Yup, this is the output when I also print keys:

(procgen) neeloy@neeloy-VirtualBox:~/projects/heist-marl$ python -m procgen.interactive --env-name heist
building procgen...done
IN libenv_make
START
WAY BEFORE
BEFORE
prev_level_seed : 0
prev_level_complete : 1
level_seed : 2
rgb : 3
AFTER
terminate called after throwing an instance of 'std::out_of_range'
  what():  map::at
Aborted (core dumped)

When I comment out the observe code in heist.cpp to check what the interactive game looks like without error, I do see the heist_key_count variable in the game window.

image

Wow, that was the whole problem.
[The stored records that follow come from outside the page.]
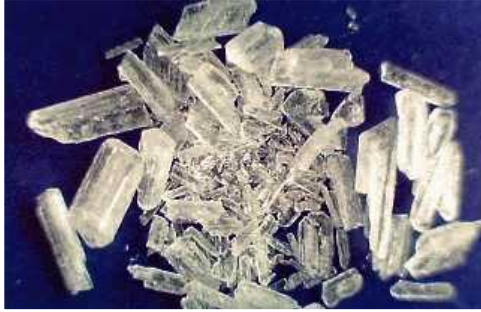
● Chất kích thích

Trường hợp buôn lậu hay sở hữu một trong các loại ma túy dưới đây (một vài ví dụ điển hình) sẽ bị xử phạt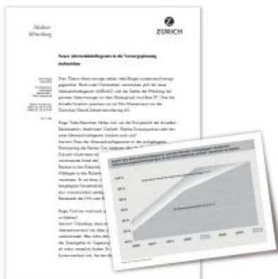
Pressenotiz und Pressegrafik

Präsentiert wurde dieses in der Versicherungsbranche so sicherlich einmalige Paket den Zurich Vertriebswegen durch den Vorstand auf einer der größten Veranstaltungen des Konzerns in Frankfurt vor mehr als 500 Führungskräften und Multiplikatoren.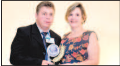
AGÊNCIA BANCÁRIA - CAIXA ECONÔMICA FEDERAL AGÊNCIA ITABERAÍ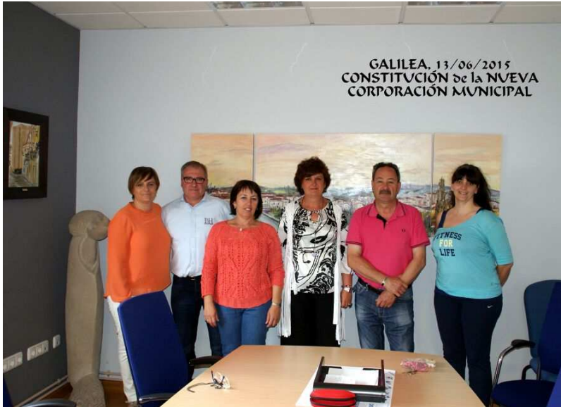
CONSTITUCIÓN DE LA NUEVA CORPORACIÓN MUNICIPAL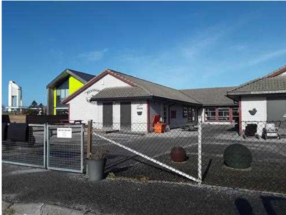
Dokumentasjon - [Fasade/objekt]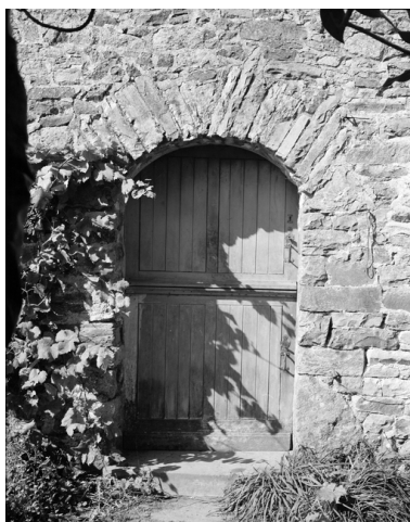
Logis, détail de la porte. IVR53_19873500259X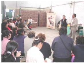
Reunión con señoras de comedores populares del Callao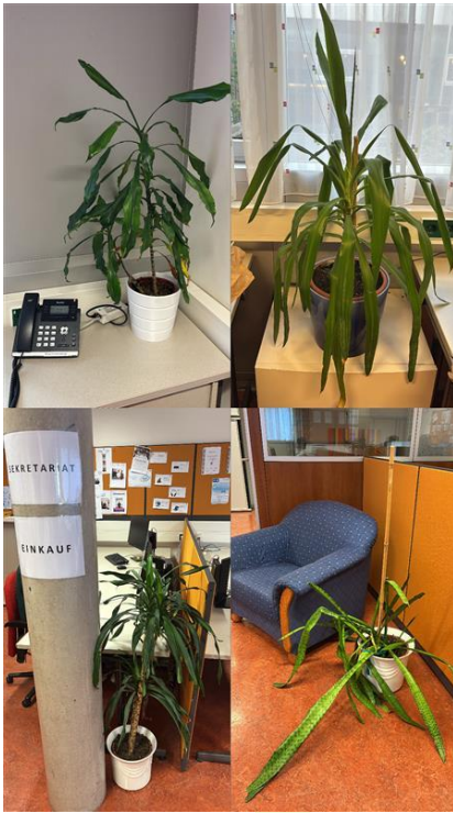
Abbildung 2: Pflanzen im Büro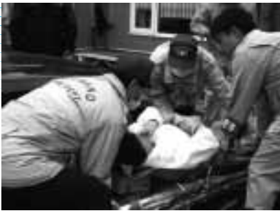
昨年9月27日に西地区コミュニティセンターで行われた防災訓練

たちが自分たちの町を守るため、防災活動を効果的に行うための組織です。自主防災組織は、大規模な災害が発生した際、地域住民が的確に行動し被害を最小限に止めるため、日ごろから地域内の安全点検や住民への防災地域の普及・啓発、防災訓練の実施など地域被害に対する備えを行います。また、実際に地震が発生したときには、初期消火活動被災者の救出・救助、情報の収集や避難所の運営といった活動を行うなど非常に重要な役割を担っています。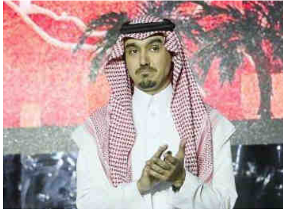
الأمير عبد العزيز تركي الفيصل رئيس الهيئة العامة للرياضة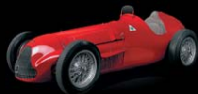
1951 – GP Tipo 159 "Alfetta" Wygrywa dwa pierwsze Mistrzostwa Świata Formuły 1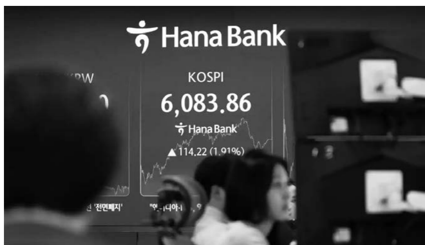
2월 25일, 직원이 서울의 한 은행 거래 대형 스크린 앞에서 일하고 있다. 이날 한국 종합주가지수(KOSPI)는 6,000 포인트를 돌파하며 6083.86 포인트로 장을 마감했다.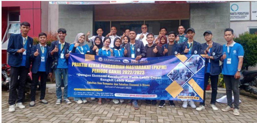
Penerimaan Mahasiswa PKPM Darmajaya kepada Aparatur Kecamatan Padang Cermin.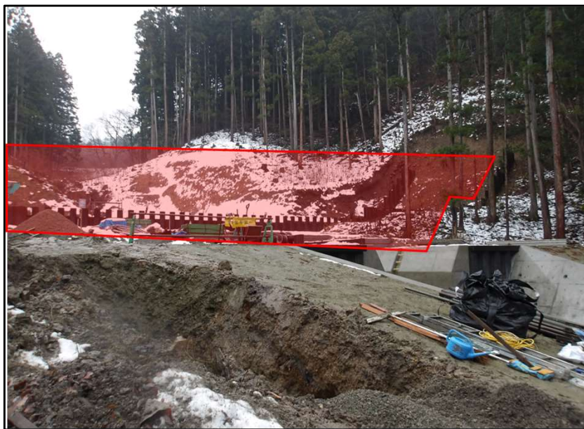
いんないさわ 院内沢（会津若松市）砂防堰堤工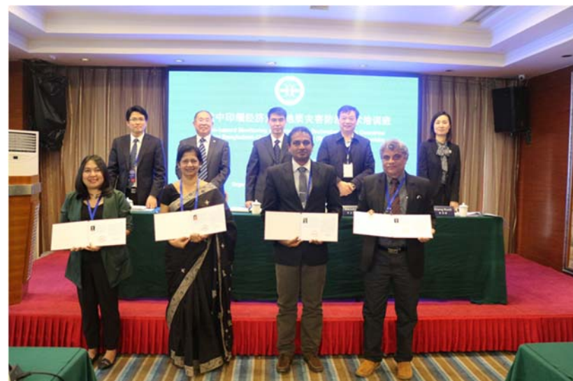
รูปที่ 6 พิธีปิดและมอบใบประกาศนียบัตร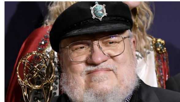
Autor George R.R. Martin hat Game of Thrones selbst nicht fertiggeschrieben (hier bei der Emmy-Verleihung 2019).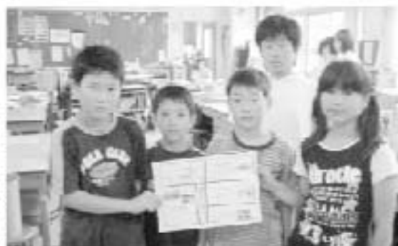
▶ コメコメ情報新聞編集部のみなさん

I didn't realize the heist_key_count wasn't in the map when it got to heist.cpp, because it wasn't before the map population code in vecgame.cpp. Thanks for the debug help. I guess I gotta brush up on the sequential logic of c++ lol.

To others who may have the same problem in the future, make sure you add any additional dictionary code in vecgame.cpp before the code that fills in the info_name_to_offset map.